阿七沉默了一下,低声道:“那取决于研究结果,以及‘钟楼’的最终评估。
最好的情况,是找到分离或永久抑制‘夜枭’的方法,让‘顾宸’
作为一个相对稳定的个体存在,但必须在严密监控下。
最坏的情况……”
他没有说下去。
沈烨明白。
最坏的情况,就是这个无法控制的“异常项目”,被彻底“净化”。
离开“蜂巢”时,天色已经微亮。
沈烨坐上车,疲惫地靠在座椅上,感觉自己像是打了一场漫长而绝望的战争。
他抓住了顾宸,却仿佛失去了更多。
而这座城市,在晨曦中渐渐苏醒,对昨夜发生在地下的惊心动魄一无所知。
但沈烨知道,顾宸被收容,远不是结束。
“普罗米修斯之眼”绝不会善罢甘休。
而顾宸体内那两个挣扎的灵魂,他们的战争,也才刚刚进入一个新的、更加残酷的阶段。
他的任务,从追捕,变成了看守,或许…… eventually,还会变成别的。
……
地下“蜂巢”的时光失去了昼夜的界限,只有仪器指示灯永恒的幽绿与惨白。
顾宸在镇静剂的深潭与意识断崖的边缘反复浮沉。
每一次被允许的短暂清醒,都伴随着更精密、更深入的“检查”——神经电流映射、潜意识投射分析、
甚至是对那紫色血液能量共鸣频率的测定。
沈烨大多时候只能隔着那面冰冷的单向玻璃观看。
他看到顾宸(或者说,那个主导的意识碎片)从最初的惊恐、困惑、哀求,逐渐变得麻木、沉默。

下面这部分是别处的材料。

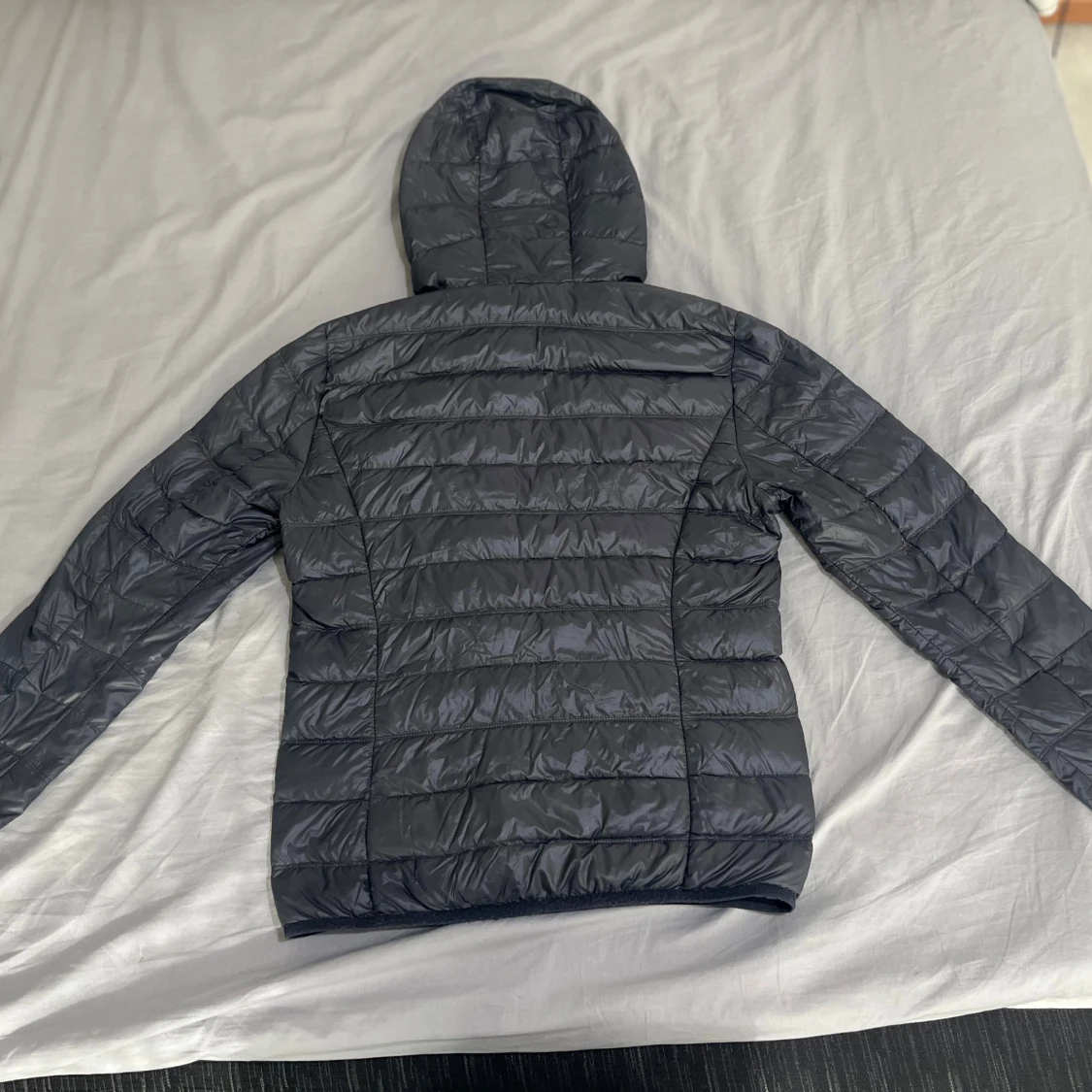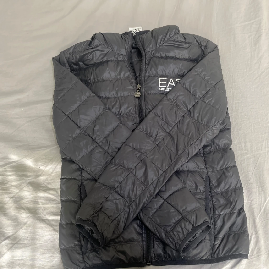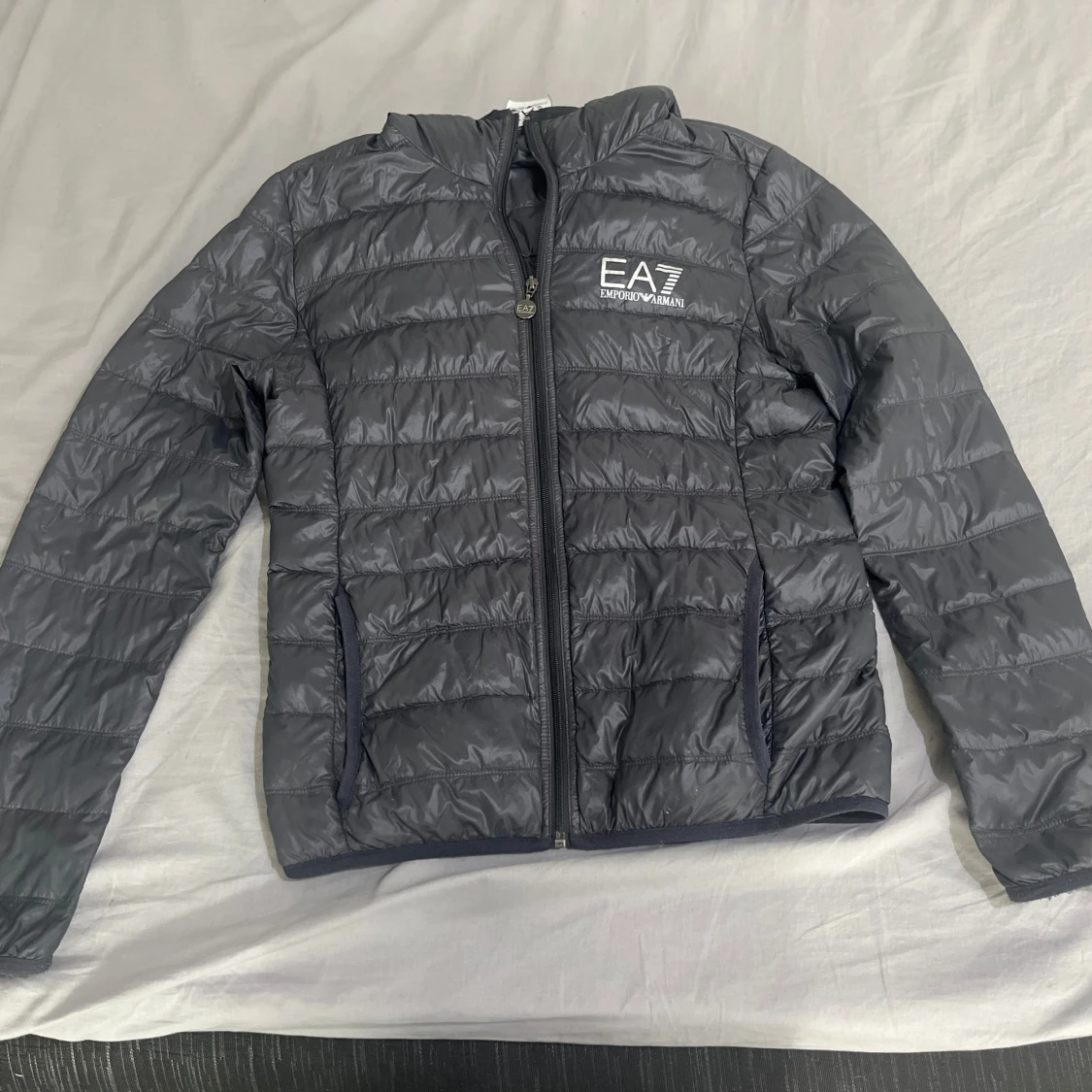 Säljer en grå pufferjacka från EA7 Emporio Armani med huva och dragkedja framtill. Jackan har quiltad design och logga på bröstet. Perfekt för kyliga dagar och enkel att matcha med olika outfits.

那双曾温润或疯狂的眼睛,如今大部分时间只是空洞地望着天花板,仿佛灵魂已被一次次探针般的检测穿刺得千疮百孔。
只有极少数时刻,当研究人员尝试用极其微弱的、与“源血”频率相近的能量脉冲进行刺激时,
顾宸的身体会产生剧烈的排斥反应,皮肤下的紫色纹路灼灼发亮,喉咙里发出非人的低吼,眼中闪过一纵即逝的、属于“夜枭”的冰冷碎片。
但枷锁和持续注入的镇定药物让他无法真正挣脱。
“宿主意识(顾宸)的防御机制正在加强,他在主动遗忘和压抑与‘夜枭’相关的记忆和感知。”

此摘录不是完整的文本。